My current projects are inspired by recent developments and trends in algebraic topology, and homotopy theory specifically, the former being the birthplace of homological algebra. One project in particular seeks to use homotopy-theoretic techniques to understand how the homological invariants of a given local ring vary as the local ring is deformed — to use a suggestive metaphor, I am asking: "Can the homological invariants of a ring be viewed as a 'continuous function' of the ring?" Other projects are inspired by operad theory and are attempting to place the homological linearity phenomena mentioned above in a conceptual framework that has already been used to explain the connection between the Sullivan and Quillen approaches to rational homotopy theory. One theme that runs through all of my current projects is an emphasis on tracking certain higher-order operations that have been known to exist for decades, but are becoming the focus of renewed interest due to recent advances in the theory of homotopy algebras and their applications.

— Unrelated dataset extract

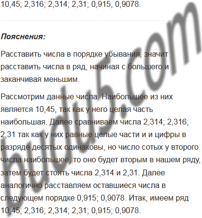 Расставьте в порядке убывания числа: 0,915; 2,314; 0,9078; 2,316; 2,31; 10,45.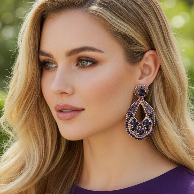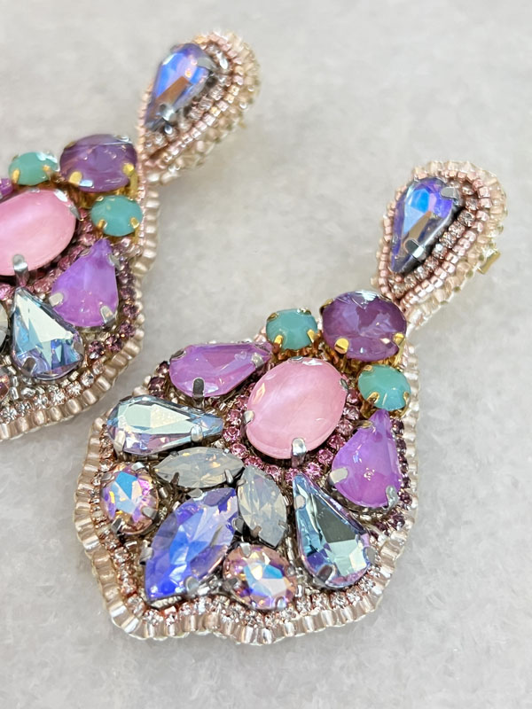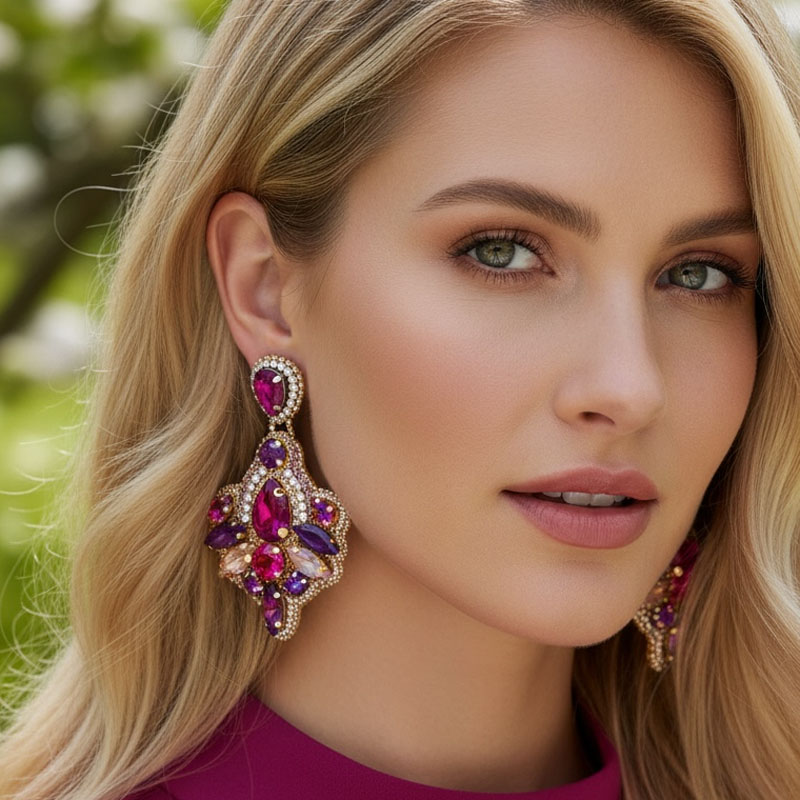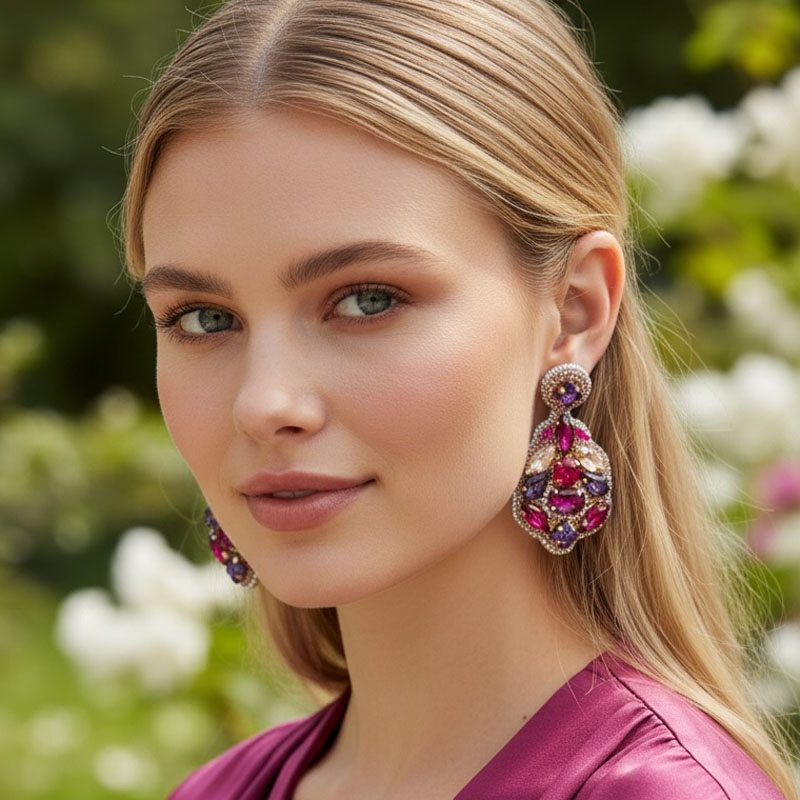 Handmade Lightweight Purple and Pink Crystal Statement Earrings

Published or to-appear articles
Preprints of my articles are available on the arXiv.
Homological criteria for minimal multiplicity, J. Algebra 523 (2019), 285-310.
Linear resolutions over Koszul complex and Koszul homology algebras, J. Algebra 572 (2021), 163-194.
Items in preparation
Three algebras and three definitions of Koszulness. Slides from a talk delivered at the "Route 81 Conference" at Queen's University, October 5, 2019, and "A Zoom Special Session on DG Methods in Commutative Algebra and Representation Theory," May 2, 2020. Based on the paper "Linear resolutions over Koszul complexes and Koszul homology algebras."
Curve singularities. For undergraduates. Explores the beautiful visuals that occur in the study of curve singularities. This is my attempt to write a math talk with as few symbols as possible.
Characterizations of minimal multiplicity via Ext-algebras. Slides from my Ph.D. thesis defense.
Ring theory & infinity. For undergraduates. An introduction to free resolutions in commutative algebra.